6. Ownership; Feedback; Customer Data; Protection
(a) Ownership. Pendo (and/or its licensors) is the sole and exclusive owner of all rights, title and interest in and to the Services and Pendo’s proprietary property (including intellectual property rights) and reserves all rights, title and interest in and to the Services not expressly granted under the Agreement. No ownership right is conveyed to Customer in the Services or Pendo’s proprietary property, irrespective of the use of terms such as “purchase” or “sale” in any Order Form.
(b) Feedback. From time to time, Customer or its Users may submit to Pendo comments, questions, enhancement requests, suggestions, ideas, process descriptions or other information related to the Services (“Feedback”). Customer hereby grants to Pendo a worldwide, perpetual, irrevocable, royalty-free license to use and incorporate the Feedback for any purpose without restriction, attribution or payment to Customer.
(c) Customer Data. Customer is the sole and exclusive owner of all rights, title and interest in and to the Customer Data (including intellectual property rights) and reserves all rights, title and interest in and to the Customer Data not expressly granted under the Agreement. Customer hereby grants Pendo the right to use Customer Data for providing and improving the Services. Customer will be solely responsible for the procurement, accuracy, quality, and content of Customer Data.
(d) Protection. During the term of any Services ordered hereunder, each party shall comply with its respective obligations under applicable data protection laws, and each party shall maintain a reasonable security program in accordance with industry standards that is designed to protect the security of, and prevent unauthorized access to, Confidential Information and Customer Data. Such security program shall include implementation of appropriate administrative, technical and physical safeguards.
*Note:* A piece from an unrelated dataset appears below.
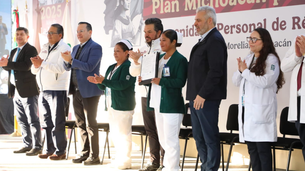 A través de un enlace desde Palacio Nacional a Morelia, Michoacán, la Presidenta de México, Claudia Sheinbaum Pardo, encabezó la entrega de basificaciones a 270 nuevos trabajadores de la salud: médicas, médicos, enfermeras, enfermeros y paramédicos, que se incorporan a hospitales rurales y de zona del Instituto Mexicano del Seguro Social (IMSS) como parte del Plan Michoacán por la Paz y la Justicia.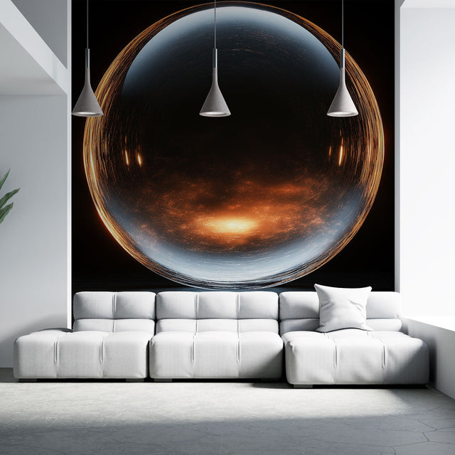 Diese abstrakte Kugel-Tapete fängt die Essenz kosmischer Schönheit durch ihr faszinierendes kreisförmiges Design ein. Die Komposition zeigt eine leuchtende Kugel, die scheinbar in unendlicher Dunkelheit schwebt, mit einer ätherischen Mischung aus tiefem Schwarz, strahlendem Gold und kühlen Silber-Blau-Tönen. Die 3D-Kugel-Tapete erzeugt einen außerweltlichen Portaleffekt, bei dem goldenes Licht von innen herausstrahlt und einen warmen Schein auf die kristalline Oberfläche dieser himmlischen Kugel wirft.

To the extent applicable, the parties will process Personal Data in accordance with Pendo’s Data Processing Addendum, which is incorporated by reference.
(a) Confidential Information. “Confidential Information” means all information disclosed by a party (“Disclosing Party”) to the other party (“Receiving Party”), whether orally or in writing, that is designated as confidential at the time of disclosure or that reasonably should be understood to be confidential given the nature of the information and/or the circumstances of disclosure, including, without limitation, the terms and conditions of the Agreement (including pricing), business and marketing plans, technology and technical information, product plans and designs, and business processes. “Confidential Information” does not include any information that (i) is or becomes publicly available without breach by the Receiving Party under the Agreement, (ii) at the time of disclosure was known to the Receiving Party without obligation of confidentiality, (iii) is received by the Receiving Party from a third party not under an obligation of confidentiality, or (iv) was independently developed by the Receiving Party without use of or reference to Confidential Information of the Disclosing Party.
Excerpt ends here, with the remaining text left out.